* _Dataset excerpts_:

__________

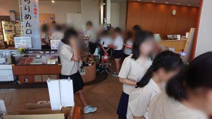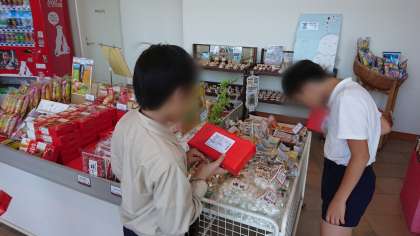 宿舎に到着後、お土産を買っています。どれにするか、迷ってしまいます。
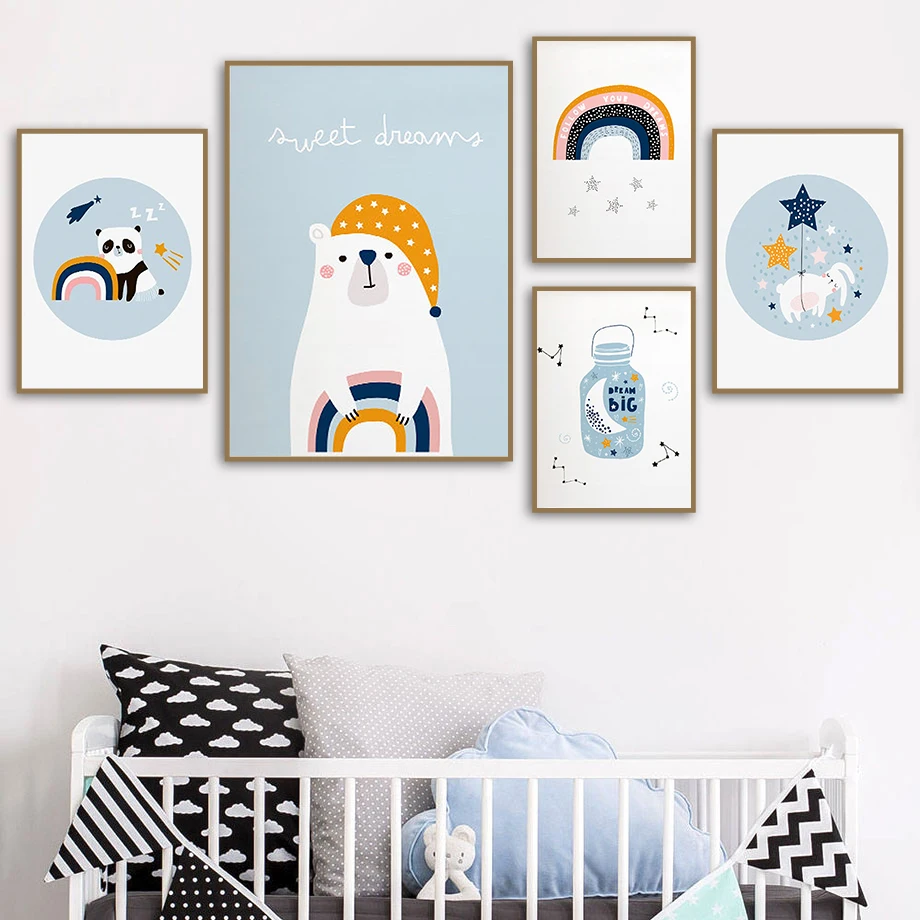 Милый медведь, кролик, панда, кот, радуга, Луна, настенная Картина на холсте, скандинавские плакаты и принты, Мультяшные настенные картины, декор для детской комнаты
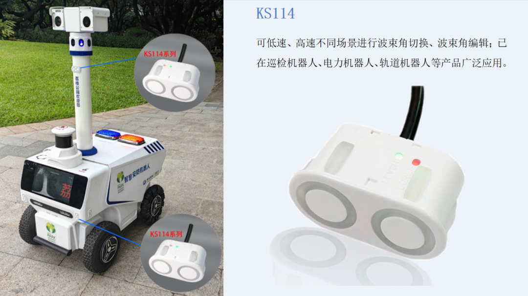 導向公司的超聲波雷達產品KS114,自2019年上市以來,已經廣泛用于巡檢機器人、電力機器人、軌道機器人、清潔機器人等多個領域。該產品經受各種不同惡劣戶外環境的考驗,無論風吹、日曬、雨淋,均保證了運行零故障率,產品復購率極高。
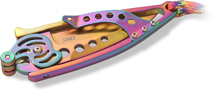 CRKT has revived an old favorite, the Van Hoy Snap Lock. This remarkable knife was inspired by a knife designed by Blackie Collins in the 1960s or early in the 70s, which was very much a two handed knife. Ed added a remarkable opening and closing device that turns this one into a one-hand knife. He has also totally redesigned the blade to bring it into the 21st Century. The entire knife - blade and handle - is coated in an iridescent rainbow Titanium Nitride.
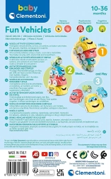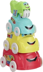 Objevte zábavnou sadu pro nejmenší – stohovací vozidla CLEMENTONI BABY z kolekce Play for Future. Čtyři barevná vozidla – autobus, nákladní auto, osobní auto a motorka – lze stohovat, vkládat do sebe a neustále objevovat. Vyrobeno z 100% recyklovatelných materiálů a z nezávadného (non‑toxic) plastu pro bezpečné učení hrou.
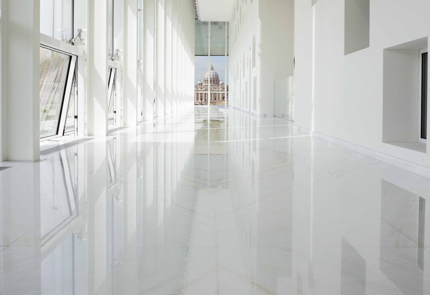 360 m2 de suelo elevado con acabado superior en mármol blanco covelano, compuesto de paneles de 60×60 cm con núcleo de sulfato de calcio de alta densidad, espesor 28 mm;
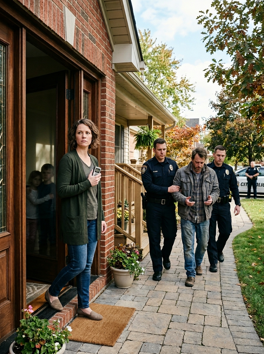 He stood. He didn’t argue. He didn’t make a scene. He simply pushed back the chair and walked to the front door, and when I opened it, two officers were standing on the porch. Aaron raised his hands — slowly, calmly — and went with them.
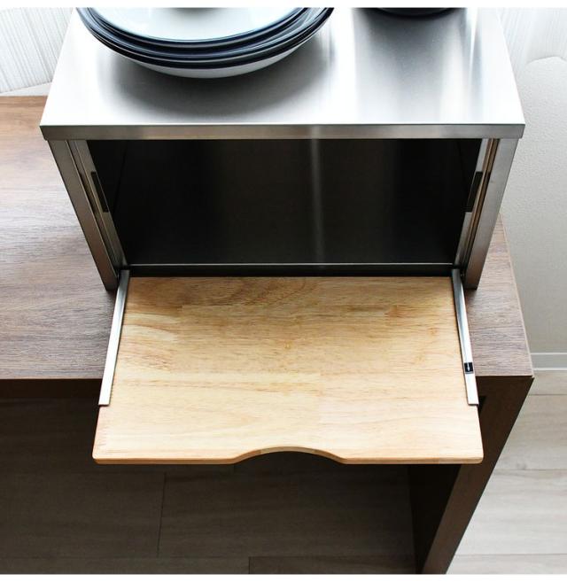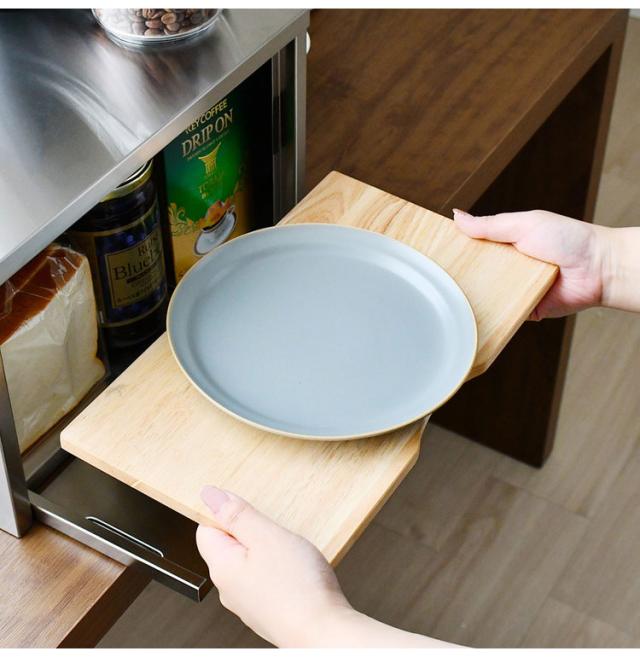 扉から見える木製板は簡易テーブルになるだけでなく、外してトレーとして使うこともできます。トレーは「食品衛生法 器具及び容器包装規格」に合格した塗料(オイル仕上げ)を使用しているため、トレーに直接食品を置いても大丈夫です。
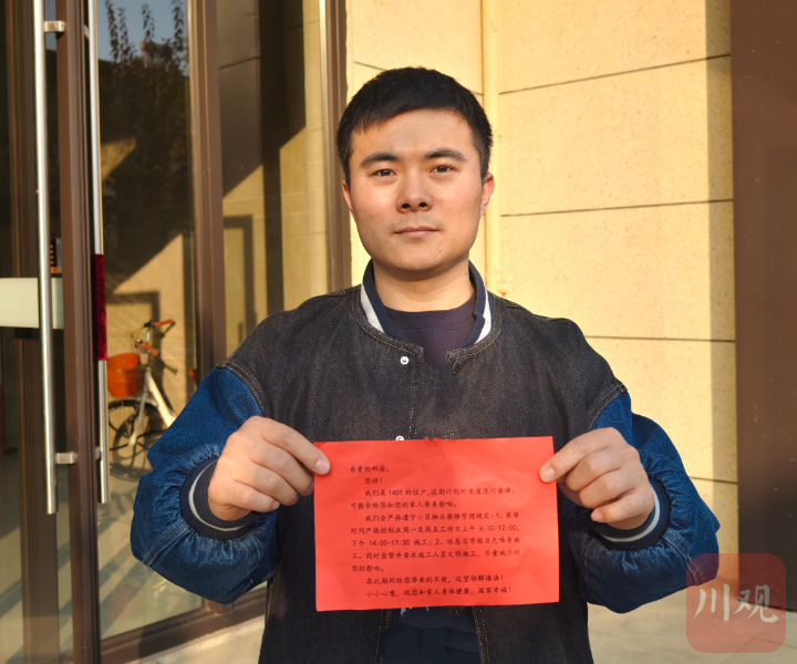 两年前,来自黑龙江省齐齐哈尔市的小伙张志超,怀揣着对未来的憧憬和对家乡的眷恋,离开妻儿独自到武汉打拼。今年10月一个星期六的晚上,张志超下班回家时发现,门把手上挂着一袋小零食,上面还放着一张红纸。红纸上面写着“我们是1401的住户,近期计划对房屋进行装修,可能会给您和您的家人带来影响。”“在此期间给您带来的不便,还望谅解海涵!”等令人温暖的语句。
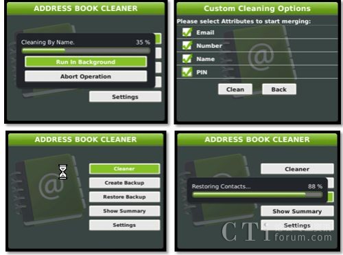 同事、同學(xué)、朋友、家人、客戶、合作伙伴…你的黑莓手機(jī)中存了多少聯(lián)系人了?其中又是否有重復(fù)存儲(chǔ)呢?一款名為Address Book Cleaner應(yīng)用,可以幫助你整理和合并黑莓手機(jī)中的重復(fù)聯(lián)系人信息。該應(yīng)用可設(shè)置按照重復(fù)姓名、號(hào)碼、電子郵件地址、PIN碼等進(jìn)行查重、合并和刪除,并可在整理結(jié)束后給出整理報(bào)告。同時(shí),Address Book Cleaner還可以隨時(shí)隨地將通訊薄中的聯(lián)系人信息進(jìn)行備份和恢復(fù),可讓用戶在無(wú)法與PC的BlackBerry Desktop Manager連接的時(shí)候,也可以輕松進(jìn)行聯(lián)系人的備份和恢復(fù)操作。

__________

* _What you should do_:
A verbatim reproduction is expected: starting at the line above that has "He stood. He", ending at the line that has "扉から見える木製板は簡易テー", both included, and with no pictures and no other lines.

* _Answer for this exercise_:
 He stood. He didn’t argue. He didn’t make a scene. He simply pushed back the chair and walked to the front door, and when I opened it, two officers were standing on the porch. Aaron raised his hands — slowly, calmly — and went with them.
 扉から見える木製板は簡易テーブルになるだけでなく、外してトレーとして使うこともできます。トレーは「食品衛生法 器具及び容器包装規格」に合格した塗料(オイル仕上げ)を使用しているため、トレーに直接食品を置いても大丈夫です。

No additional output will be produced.